At the trial, plaintiff and defendant each presented the testimony of three witnesses. Additionally, sixteen exhibits and the official entry papers were received in evidence on behalf of plaintiff, while twelve exhibits were submitted on behalf of defendant.

Cf. A.N. Deringer, Inc. v. United States, 66 Cust. Ct. 378, C.D. 4218 (1971).

While polypropylene is concededly a plastics material, plaintiff does not contend that the essential character of the Paralon material (waterproofing) is imparted by the polypropylene modifier alone. Cf. Marshall Co. v. United States, 67 Cust. Ct. 316, C.D. 4291, 334 F. Supp. 643 (1971)/On the contrary, plaintiff concedes (brief, 20) that any ancillary characteristics, such as flexibility or ease of application, "may go to the superiority of that particular product, but not to the one indispensable characteristic for which the subject merchandise is applied and utilized, waterproofing".

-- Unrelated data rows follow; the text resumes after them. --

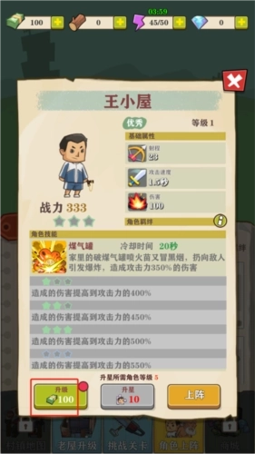 8、升级完老屋后,多增加了角色站位,我们点击角色升级,升级王小屋角色,提高他的伤害;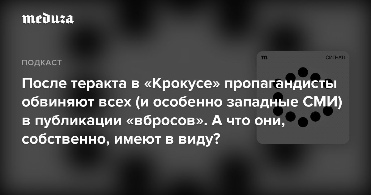 Это понятие очень размыто. Чаще всего власти даже сами не знают, что имеют в виду, кроме того, что это что-то очень неприятное. Свежий эпизод подкаста «Сигнал» — о том, что же все-таки такое «вброс» и как с помощью этого слова Кремль «переключает» новостную повестку в России.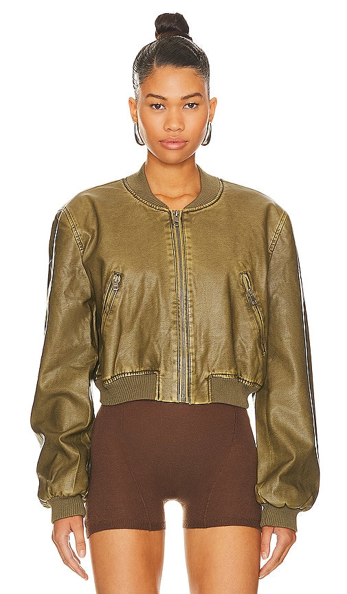 LIONESS Allure Bomber in Olive. - size XL (also in XXL) LIONESS Allure Bomber in Olive. - size XL (also in XXL) 55% polyurethane 45% polyester. Made in Australia. Hand wash. Front zipper closure. Side slant zipper pockets. Padded shoulders. Elastic neckline, cuffs and hem. Soft faux leather fabric. LIOR-WO12. LC580-2-2307. Australian brand Lioness balances luxurious neutral hues with deep tonal shades on intricate shapes. With the ultimate model off duty feel, the aesthetic is fueled by music, art, love and exploration. With continued success in high street wear Lioness slays at confident silhouettes, fem cut out dresses and rompers you'll never want to take off. Since opening its doors in 2009, Lioness has become a must have destination for IT girls around the world with a host of fans among celebrities and fashion bloggers. Shop the latest in fashion from LIONESS

Headnote 5 in Schedule 3 reads:

For the purposes of parts 5, 6, and 7 of this schedule and parts 1 (except subpart A), 4, and 12 of schedule 7, in determining the classification of any article which is wholly or in part of a fabric coated or filled, or laminated, with nontransparent rubber or plastics (which fabric is provided for in part 4C of this schedule), the fabric shall be regarded not as a textile material but as being wholly of rubber or plastics to the extent that (as used in the article) the nontransparent rubber or plastics forms either the outer surface of such article or the only exposed surface of such fabric.